FRANKFURT, Germany – The European Central Bank (ECB) welcomes the decision by 16 European banks to launch the European Payments Initiative. This initiative aims to create a unified payment solution for consumers and merchants across Europe, encompassing a payment card and a digital wallet and covering in-store, online and person-to-person payments as well as cash withdrawals.
In recent years, significant progress has been made towards a safe, efficient and integrated European payments market with the introduction of pan-European infrastructures under the Single Euro Payments Area (SEPA). Nevertheless, fragmentation persists in the way people actually pay, be it online or on-site in brick and mortar shops.
Ten European countries still have national card schemes that do not accept cards from other EU Member States. There is also a growing number of innovative services, such as mobile wallets, that are only offered at the national level. The current situation has attracted initiatives from global players that aim to overcome the shortcomings of cross-border retail payments by building a new separate payments ecosystem. In November 2019 the Eurosystem relaunched its retail payments strategy, calling for increased collaboration between European stakeholders to provide payment services that meet the needs of European customers and strengthen the autonomy of the European retail payments market.
The European Payments Initiative is a response to this call. It seeks to replace national schemes for card, online and mobile payments with a unified card and digital wallet that can be used across Europe, thereby doing away with the existing fragmentation.
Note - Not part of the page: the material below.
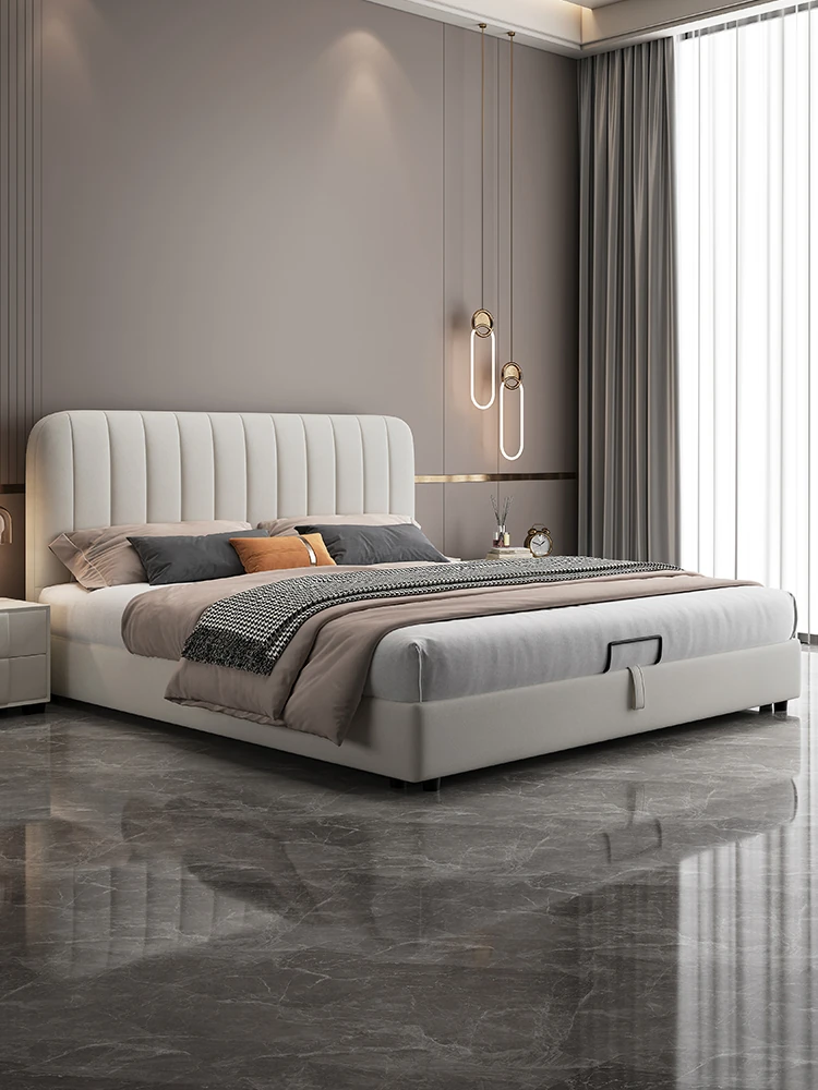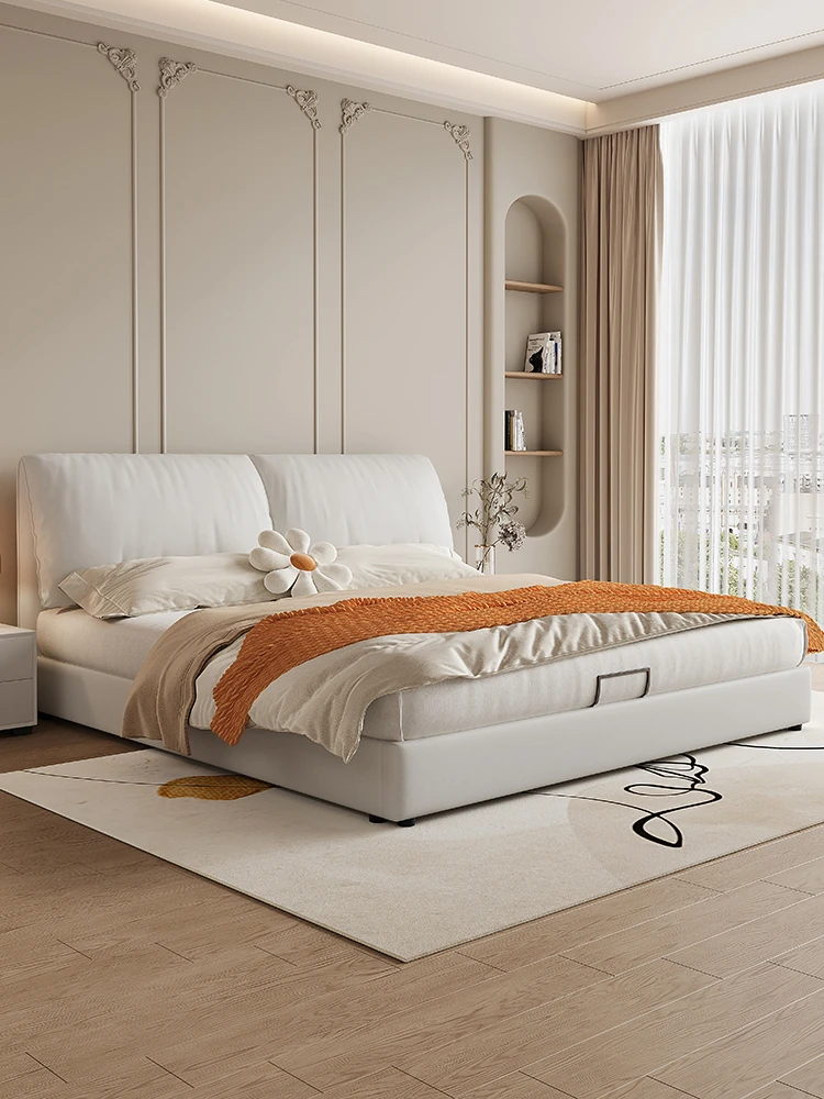 Modern French Style Cream Leather Double Bed with Soft Upholstery - Elegant Solid Wood Storage Bed for Master Bedroom, Perfect Blend of Luxury and Minimalism

As it is based on the SEPA instant credit transfer (SCT Inst) scheme, it can immediately capitalise on powerful and sophisticated existing infrastructures, such as the Eurosystem’s TARGET Instant Payment Settlement (TIPS).
“The European Payments Initiative will have to tackle the fragmentation in European retail payments and should encompass all euro area countries, and eventually the entire European Union”, said ECB Executive Board member Fabio Panetta. “The foreseen effective implementation and a growing number of participants have the potential to strengthen the role of European providers.”
The Eurosystem will continue to support private initiatives for retail payments provided that they fulfil five key objectives: pan-European reach, customer friendliness, cost efficiency, safety and security, European identity and governance, and, in the long-run, global reach.